The next type of metrics are metrics that are close to quantitative, but based on the number of errors and defects in the program. There is no point in considering the features of each of these metrics, it will be enough to simply list them: the number of structural changes made since the last check, the number of errors identified during code review, the number of errors identified during program testing and the number of necessary structural changes required for correct program operation. For large projects, these indicators are usually considered in relation to thousands of lines of code, i.e. average number of defects per thousand lines of code.

7. Hybrid metrics

Finally, it is necessary to mention another class of metrics called hybrid ones. Metrics of this class are based on simpler metrics and represent their weighted sum.
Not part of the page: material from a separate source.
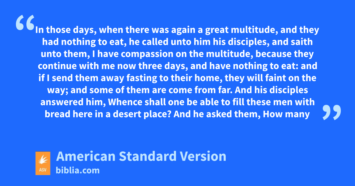 8 In those days, when there was again a great multitude, and they had nothing to eat, he called unto him his disciples, and saith unto them, 2I have compassion on the multitude, because they continue with me now three days, and have nothing to eat: 3and if I send them away fasting to their home, they will faint on the way; and some of them are come from far. 4And his disciples answered him, Whence shall one be able to fill these men with bread here in a desert place? 5And he asked them, How many loaves have ye? And they said, Seven. 6And he commandeth the multitude to sit down on the ground: and he took the seven loaves, and having given thanks, he brake, and gave to his disciples, to set before them; and they set them before the multitude. 7And they had a few small fishes: and having blessed them, he commanded to set these also before them. 8And they ate, and were filled: and they took up, of broken pieces that remained over, seven baskets. 9And they were about four thousand: and he sent them away. 10And straightway he entered into the boat with his disciples, and came into the parts of Dalmanutha.

The first representative of this class is the Kokol metric. It is defined as follows:

H_M = (M + R1 * M(M1) +… + Rn * M(Mn)/(1 + R1 +… + Rn)

Where M is the basic metric, Mi are other interesting measures, Ri are correctly selected coefficients, M(Mi) are functions.

The functions M(Mi) and coefficients Ri are calculated using regression analysis or problem analysis for a specific program.

The Zolnovsky, Simmons, Thayer metric is also a weighted sum of various indicators. There are two options for this metric:

(structure, interaction, volume, data) SUM(a, b, c, d).

(interface complexity, computational complexity, I/O complexity, readability) SUM(x, y, z, p).

The metrics used in each option are selected depending on the specific task, the coefficients - depending on the value of the metric for making a decision in this case.

Conclusion

To summarize, I would like to note that there is not a single universal metric. Any monitored metric characteristics of the program must be monitored either depending on each other or depending on the specific task; in addition, hybrid measures can be used, but they also depend on simpler metrics and also cannot be universal. Strictly speaking, any metric is just an indicator that strongly depends on the language and programming style, so no measure can be elevated to an absolute and no decisions can be made based only on it.